En se déplaçant dans la galerie adjacente, une série de sculptures relient la conscience du souffle et sa présence physique. Ici, Saraceno considère à la fois les inégalités de souffle dans le monde mais aussi les myriades de langues et de traditions dans lesquelles le souffle et la vie sont inextricablement liés. Les œuvres en verre soufflé Pneuma, Aeolus, Aeroscale, Aerosolar Serpens encapsulent l'esprit du souffle, s'appuyant sur cette puissante force de vie pour réanimer une capacité collective à faire une pause et à respecter les énergies essentielles. De nombreuses cultures lient philosophiquement et linguistiquement les concepts de souffle et d'esprit ; pour Saraceno, cet enchevêtrement de souffle et d'esprit remplissant et formant ces formes de verre aide aussi à construire la question : qui a le droit de respirer ?

Cadrant les phénomènes imperceptibles de l'atmosphère, la série Calendrier Lun-AIR de Paris présente des bandes de papier filtre montrant les variations horaires des niveaux de particules dans l'air, collectées par Airparif, organisme chargé de surveiller la qualité de l'air dans l'agglomération parisienne.
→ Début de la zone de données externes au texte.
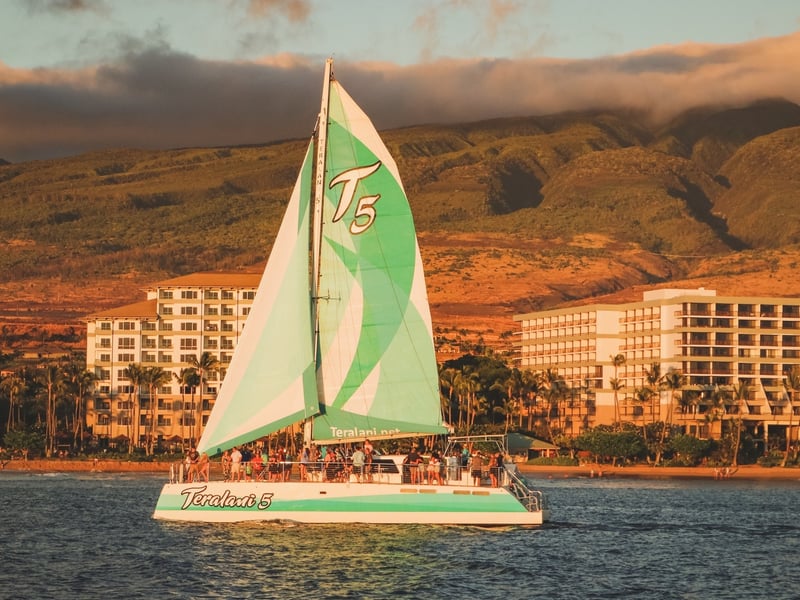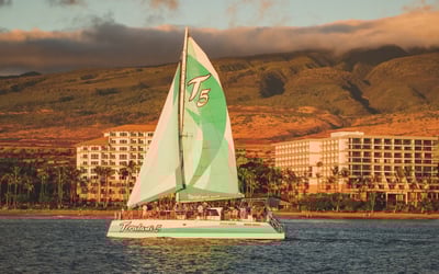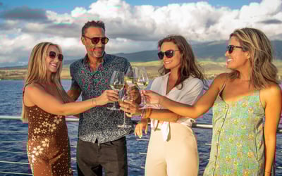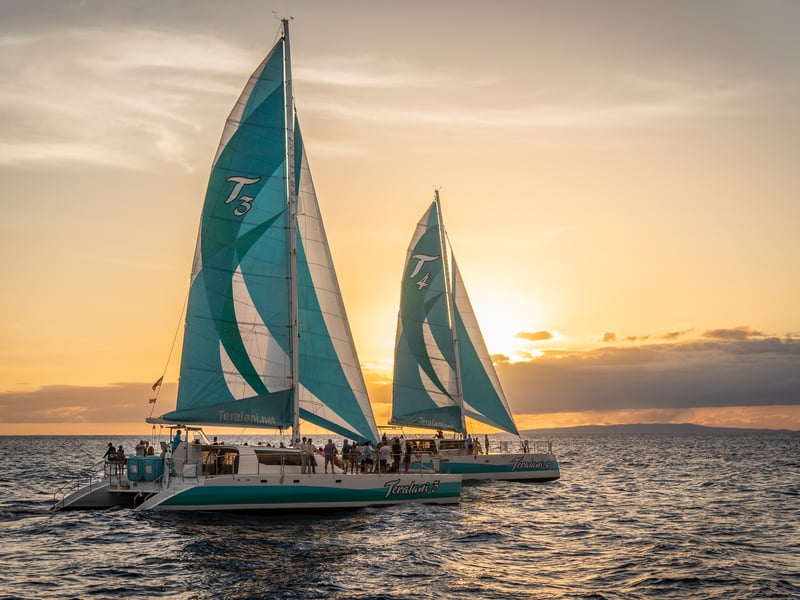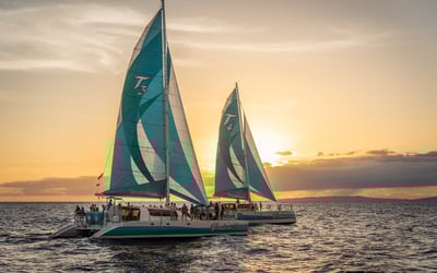 Savor a four-course dinner and open bar on a luxury catamaran as you sail West Maui at sunset
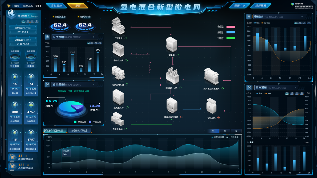 近日,平高集团所属西安平高独立研制的预装式氢电互动系统在平高集团智慧能源科技创新基地完成现场调试工作。该系统采用预装式、模块化设计,集成电源平台、电解水制氢、燃料电池、能量控制器等设备于一体,打造综合供能内循环体系,可以将源源不断的不稳定清洁能源进行制氢储能,并在用户需要时进行氢供应或氢发电,实现电、氢、热的稳定输出和就地利用,该示范项目是平高集团落实国家双碳战略,探索电氢多元耦合发展的积极实践。
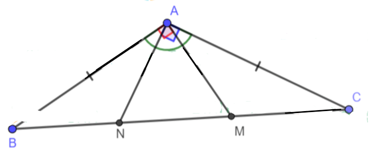 \(\widehat {A{\rm{ }}} = 120^\circ\). Trên cạnh BC lấy hai điểm M, N sao cho MA, NA lần lượt vuông góc với AB, AC. Chứng minh rằng:
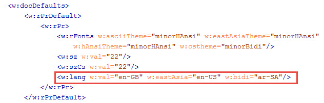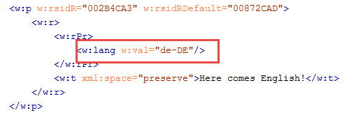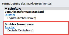 Der Formatinspektor (SHIFT+F1) zeigt mir, dass das Absatzformat Englisch liefert, aber irgendwer klammheimlich Deutsch als direkte Formatierung darüberlegt! Neugierig habe ich in XML nachgeschaut. Die Standardwerte (docDefaults) zeigen als Sprache (w:lang) den Wert Englisch (en-GB).
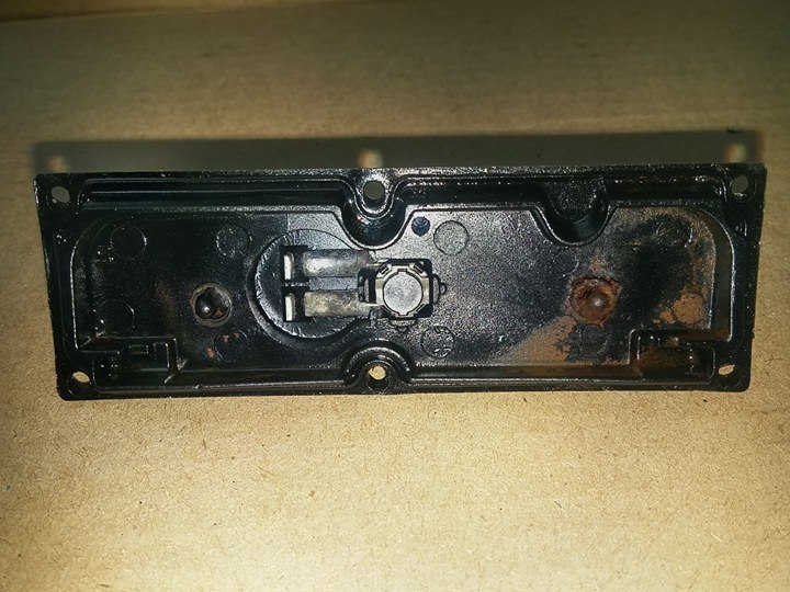 Rozebral jsem to madlo s mikrospínačem. Topilo se to v krémové vazelíně. Mikrospínač byl podle mého přesvědčení nefunkční, šroubovákem jsem ho lehce vypáčil ven a po shlédnutí, že pod ním jsou pouhé tenké zaoxidované mikroplíšky, které se už nejsou schopny navzájem dotknout svým 0,1mm kontaktem, jsem je vyhodil včetně mikrospínače.
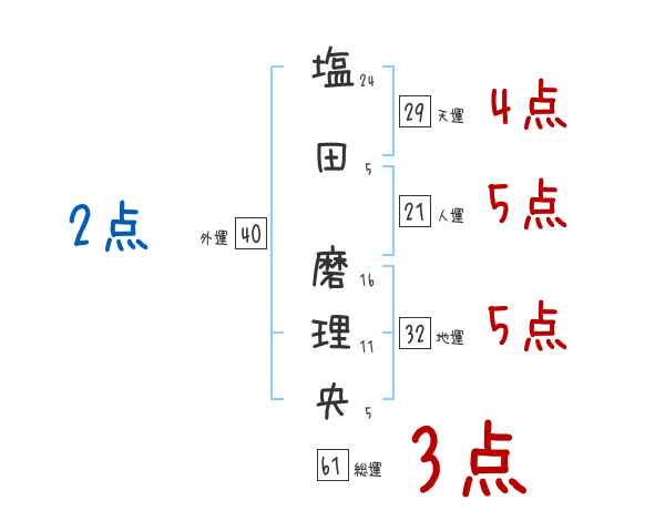 地運![]() | 塩田磨理央さんの地運は32画の5つ星!柔軟性があり成功する。チャンスが多く金運が良い。 個性を表す基礎的な運勢です。性格形成や対人関係、行動力など家庭環境に影響されます。主に誕生してから20歳くらいまでの若年期の運勢を表します。 |
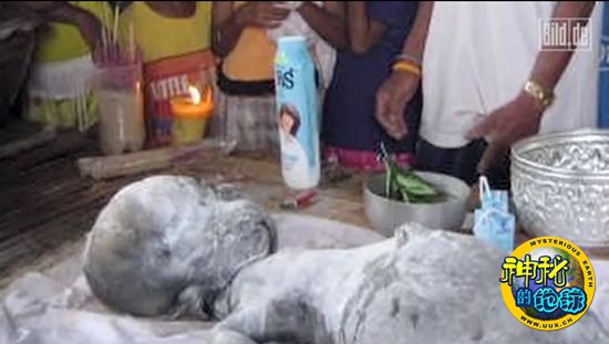 泰国村民祭拜外星人尸体? 来源: 神秘的地球 时间:2010年6月29日 16:24 泰国村民祭拜外星人尸体? 泰国村民祭拜外星人尸体? 泰国村民祭拜外星人尸体? 泰国村民祭拜外星人尸体? 据德国《图片报》6月28日报道,近日,一个令人震惊的视频在互联网上引发争论。在泰国一个村庄里,人们将寺庙用鲜花装扮起来,寺庙的祭坛上躺着一具神秘生物的尸体。 看起来,它既不像人类,也不像动物。难道是泰国村民正在祭拜外星人的尸体?有一些专家相信,这具尸体属于一种未知的地外生命,被这些村民们当成了神灵。 国际在线(Zak) 上一篇 下一篇 TAG: 尸体 泰国 外星人

Dans ce corpus, les particules toxiques en suspension dans l'air sont extraites via des machines Beta Attenuation Monitor (BAM) et transposées sur des bandes de papier filtre, créant des points de teintes variées qui constituent un spectre de respiration et révèlent la répartition inégale des particules. Saraceno nous invite à réfléchir à la façon dont la diversité de la qualité de l'air et ses effets sur certains groupes ont été exacerbés dans notre contexte pandémique, alors que la pollution de l'air se croise avec les injustices raciales et sociales. Pour aller de l'avant à partir de ce résidu, matériel et symbolique, il faudra reconnaître les inégalités incarnées dans une substance aussi élémentaire et vivifiante que l'air.
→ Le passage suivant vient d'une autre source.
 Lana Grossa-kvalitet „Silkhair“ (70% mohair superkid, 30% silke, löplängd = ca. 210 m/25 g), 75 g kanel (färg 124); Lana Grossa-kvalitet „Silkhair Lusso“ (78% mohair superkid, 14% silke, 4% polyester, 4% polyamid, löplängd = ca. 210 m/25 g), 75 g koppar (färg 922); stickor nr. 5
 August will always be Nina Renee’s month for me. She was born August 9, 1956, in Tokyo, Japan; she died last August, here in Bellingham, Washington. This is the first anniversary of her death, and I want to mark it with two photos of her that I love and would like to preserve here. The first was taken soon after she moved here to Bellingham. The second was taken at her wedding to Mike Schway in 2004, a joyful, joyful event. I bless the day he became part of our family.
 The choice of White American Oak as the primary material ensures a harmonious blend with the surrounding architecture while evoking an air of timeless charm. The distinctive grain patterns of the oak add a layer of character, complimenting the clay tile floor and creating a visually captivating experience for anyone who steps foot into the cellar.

Les communautés les plus touchées par la crise climatique en sont aussi les moins responsables. Ces communautés, réparties dans le monde entier, ne représentent que 5 % de la population mondiale et sont les gardiennes de 80 % de la biodiversité de la planète, qui comprend les espèces d'invertébrés qui constituent la grande majorité de la vie animale sur la planète. Dans l'umwelt vibratoire des araignées et de leurs toiles, le monde est une trame évolutive de sens. Leurs modes d'être enchevêtrés, tout comme les communautés qui, pendant des siècles, se sont accordés de diverses manières à leurs parents arachnides, puis ignorés par les humains du Capitalocène et sont au bord de l'extinction.
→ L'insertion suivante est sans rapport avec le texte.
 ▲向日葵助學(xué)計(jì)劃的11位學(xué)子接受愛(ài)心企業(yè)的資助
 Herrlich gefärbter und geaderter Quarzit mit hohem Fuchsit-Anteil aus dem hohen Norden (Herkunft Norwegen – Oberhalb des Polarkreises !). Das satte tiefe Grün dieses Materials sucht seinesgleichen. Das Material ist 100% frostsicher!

Dans l'exposition Silent Autumn, des voix inouïes deviennent des vibrations ressenties. Niché dans un conte de solidarité interspécifique, ce qui commence par un appel à coexister avec empathie se termine par un autre pour rendre les moyens de le faire - à travers l'air que nous respirons - à nouveau égaux. Tout au long de l'exposition, Saraceno révèle comment les conditions de notre entrelacement avec la nature, et les tentatives des inidividus du Capitalocène de vivre au-dessus d'elle, nous ont conditionnés à une époque marquée par l'extractivisme, le capitalisme patriarcal et l'hyperconsommation. Bouleversant ces régimes anthropiques dans un retissage de notre toile cosmique, l'exposition amorce un basculement vers un vivre et ressentir autrement ; vers une cohabitation interspécifique durable, de l'arachnophobie à l'arachnophilie. Une vibration se fait sentir, non seulement celle des invertébrés, mais une vibration de connaissances à travers les espèces et les cultures qui élargit une vision pour l'avenir.









Ce langage en chaque pierre, Institut d'Art Moderne, Brisbane Queensland, Australie

© ArtCatalyse International / Marika Prévosto 2022. Tous droits réservés

Exposition du 12 février au 26 mars2022. Tanya Bonakdar Gallery, 521 West 21st Street New York, NY 10011 (USA). T: 212 414 4144.